Clinical Perspective
What Is Known
Cardiovascular, kidney, and metabolic abnormalities frequently develop in the same adults, and the American Heart Association has proposed the cardiovascular-kidney-metabolic (CKM) staging framework to describe this overlap as a prevention continuum.
Although recent US estimates show that CKM stages are common, most reports have centered on 2011–2020 NHANES data and do not yet describe the reopened August 2021–August 2023 public cycle within the longer modern NHANES record.
What the Study Adds
Using harmonized data from 62,890 adults in 11 NHANES cycles spanning 1999–2000 to 2021–2023, we found persistently high CKM burden; by 2021–2023, 87.9% of adults were classified as stage 1 or higher and 62.0% as stages 2–4.
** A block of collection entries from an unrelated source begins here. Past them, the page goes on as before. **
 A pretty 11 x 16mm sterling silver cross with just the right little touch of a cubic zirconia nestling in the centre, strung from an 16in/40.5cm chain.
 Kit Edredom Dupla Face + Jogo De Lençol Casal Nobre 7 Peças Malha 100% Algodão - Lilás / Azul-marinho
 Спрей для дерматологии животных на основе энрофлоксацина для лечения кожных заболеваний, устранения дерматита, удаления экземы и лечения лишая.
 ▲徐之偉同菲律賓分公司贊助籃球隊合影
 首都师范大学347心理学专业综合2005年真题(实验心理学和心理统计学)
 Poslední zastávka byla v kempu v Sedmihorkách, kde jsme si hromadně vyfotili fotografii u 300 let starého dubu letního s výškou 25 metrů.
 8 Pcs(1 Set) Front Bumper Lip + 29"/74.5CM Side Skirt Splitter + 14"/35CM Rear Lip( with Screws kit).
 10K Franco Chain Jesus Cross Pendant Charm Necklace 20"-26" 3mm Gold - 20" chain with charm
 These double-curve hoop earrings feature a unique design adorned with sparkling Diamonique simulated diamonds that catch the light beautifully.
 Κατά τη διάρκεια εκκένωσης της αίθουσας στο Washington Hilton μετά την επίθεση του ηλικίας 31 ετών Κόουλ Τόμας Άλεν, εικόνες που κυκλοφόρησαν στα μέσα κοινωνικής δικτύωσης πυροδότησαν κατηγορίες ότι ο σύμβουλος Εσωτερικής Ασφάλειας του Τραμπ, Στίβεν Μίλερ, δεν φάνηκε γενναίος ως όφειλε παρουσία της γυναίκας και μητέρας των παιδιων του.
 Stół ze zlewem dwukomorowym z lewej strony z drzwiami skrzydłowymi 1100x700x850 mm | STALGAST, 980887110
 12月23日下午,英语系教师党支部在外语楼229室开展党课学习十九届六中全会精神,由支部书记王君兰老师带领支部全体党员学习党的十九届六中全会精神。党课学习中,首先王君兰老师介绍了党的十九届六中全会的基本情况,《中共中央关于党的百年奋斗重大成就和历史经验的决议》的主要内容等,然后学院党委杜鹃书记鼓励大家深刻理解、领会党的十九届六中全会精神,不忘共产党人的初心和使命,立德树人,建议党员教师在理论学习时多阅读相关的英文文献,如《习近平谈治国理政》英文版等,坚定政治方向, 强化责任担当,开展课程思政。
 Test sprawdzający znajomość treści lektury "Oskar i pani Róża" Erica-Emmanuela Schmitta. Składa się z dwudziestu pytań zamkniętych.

Across the study period, any CKM rose by 4.6 percentage points and stage 1 rose by 6.8 percentage points, whereas CKM stages 2–4 did not have a statistically significant absolute increase; adjusted component models pointed to growing early metabolic risk despite a marked decline in dyslipidemia.
In scenario analyses, population aging alone raised the estimated number of US adults with CKM stages 2–4 from about 165 million in 2023 to 194 million in 2050, while a sustained risk-improvement scenario lowered the corresponding 2050 estimate to about 148 million.